Accelerated Partial Breast Irradiation for Early-Stage Invasive Lobular Carcinoma.

作者信息

Braunstein Lior Z, Boe Lillian, Mueller Boris, Obrien Diana Roth, Choi Isabelle, Cuaron John, Xu Amy, Bernstein Michael, McCormick Beryl, Powell Simon N, Khan Atif J

机构信息

Department of Radiation Oncology, Memorial Sloan Kettering Cancer Center, New York, New York.

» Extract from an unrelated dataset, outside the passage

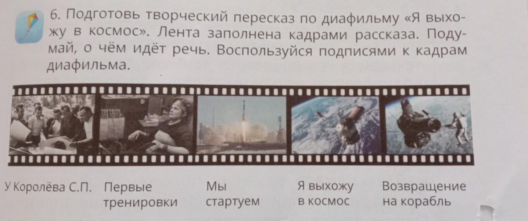 6. Подготовь творческий пересказ по диафильму «Я выхо- жу в космос». Лента заполнена кадрами рассказа. Поду- май, о чём идёт речь. Воспользуйся подписями к кадрам диафильма.
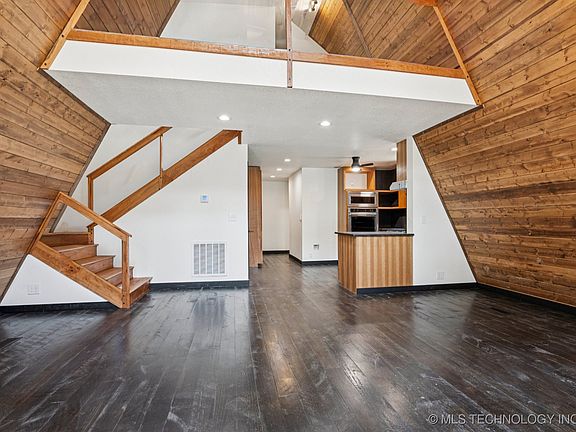 Set among mature trees, this completely custom home showcases cherry cabinetry and stairway, handcrafted loft railing, solid hardwood doors, tongue-and-groove angled ceilings, and tiled bathrooms with walk-in showers. The open living area radiates warmth and character, while custom cherry wood exterior doors invite the outdoors in.

Department of Epidemiology and Biostatistics, Memorial Sloan Kettering Cancer Center, New York, New York.

出版信息

Int J Radiat Oncol Biol Phys. 2025 Mar 15;121(4):894-899. doi: 10.1016/j.ijrobp.2024.10.024. Epub 2024 Oct 24.

Abstract

PURPOSE

Invasive lobular carcinoma (ILC) represents 10% to 15% of invasive breast cancers with limited representation among trials of accelerated partial breast irradiation (APBI). Contemporary guidelines advise against treating ILC with APBI given a paucity of supportive evidence. Here, we evaluated oncologic outcomes among patients with ILC treated with APBI.

METHODS AND MATERIALS

Patients treated from 2010 to 2022 with APBI after breast conserving surgery for ILC (or mixed ILC with other histologies) were ascertained from a prospectively maintained institutional database. All patients received external beam APBI to 40 Gy in 10 daily fractions. Outcomes of interest included local recurrence (LR) and overall survival (OS).

RESULTS

Of 1248 patients who underwent APBI at our center, the study cohort comprised 132 (11%) who had ILC, either exclusively or mixed with another histology (median age 63). Median tumor size was 1.1 cm (interquartile range: 0.8-1.5), nearly all had estrogen receptor positive disease (99%) and received hormone therapy (91%), and most underwent sentinel node biopsy (89%) with the remainder having no axillary surgery. At 530 person-years and a median follow-up of 39 months, 2 LRs were observed yielding a 48-month cumulative incidence of LR of 3.0% (95% CI: 0.56%-9.5%). Both events arose in patients with mixed lobular histology (none arose in patients with pure ILC). Two unrelated deaths were also observed yielding a 48-month OS of 98% (95% CI: 95%-100%).

CONCLUSIONS

Among patients with ILC who received APBI after breast conserving surgery, we observed a 4-year LR rate of 3%. No regional or distant recurrences were observed, and OS was excellent. The safety of APBI for ILC will require confirmation among larger trials with longer follow-up, although the excellent outcomes observed here are consistent with those seen for invasive ductal carcinomas among contemporary trials of APBI.

摘要

目的

浸润性小叶癌(ILC)占浸润性乳腺癌的10%至15%,在加速部分乳腺照射(APBI)试验中的代表性有限。鉴于支持证据不足,当代指南建议不采用APBI治疗ILC。在此,我们评估了接受APBI治疗的ILC患者的肿瘤学结局。

方法和材料

从一个前瞻性维护的机构数据库中确定2010年至2022年期间因ILC(或ILC与其他组织学类型混合)接受保乳手术后接受APBI治疗的患者。所有患者接受外照射APBI,分10次每日照射,总剂量40 Gy。感兴趣的结局包括局部复发(LR)和总生存期(OS)。

结果

在我们中心接受APBI的1248例患者中,研究队列包括132例(11%)ILC患者,这些患者要么是单纯ILC,要么是与其他组织学类型混合(中位年龄63岁)。中位肿瘤大小为1.1 cm(四分位间距:0.8 - 1.5),几乎所有患者的疾病为雌激素受体阳性(99%)且接受了激素治疗(91%),大多数患者接受了前哨淋巴结活检(89%),其余患者未进行腋窝手术。在530人年且中位随访39个月时,观察到2例局部复发,48个月累积局部复发率为3.0%(95%CI:0.56% - 9.5%)。这两例事件均发生在小叶组织学类型混合的患者中(单纯ILC患者未出现局部复发)。还观察到2例非相关死亡,48个月总生存率为98%(95%CI:95% - 100%)。

结论

在保乳手术后接受APBI治疗的ILC患者中,我们观察到4年局部复发率为3%。未观察到区域或远处复发,总生存期良好。ILC接受APBI的安全性需要在更大规模、随访时间更长的试验中得到证实,尽管此处观察到的良好结局与当代APBI试验中浸润性导管癌的结局一致。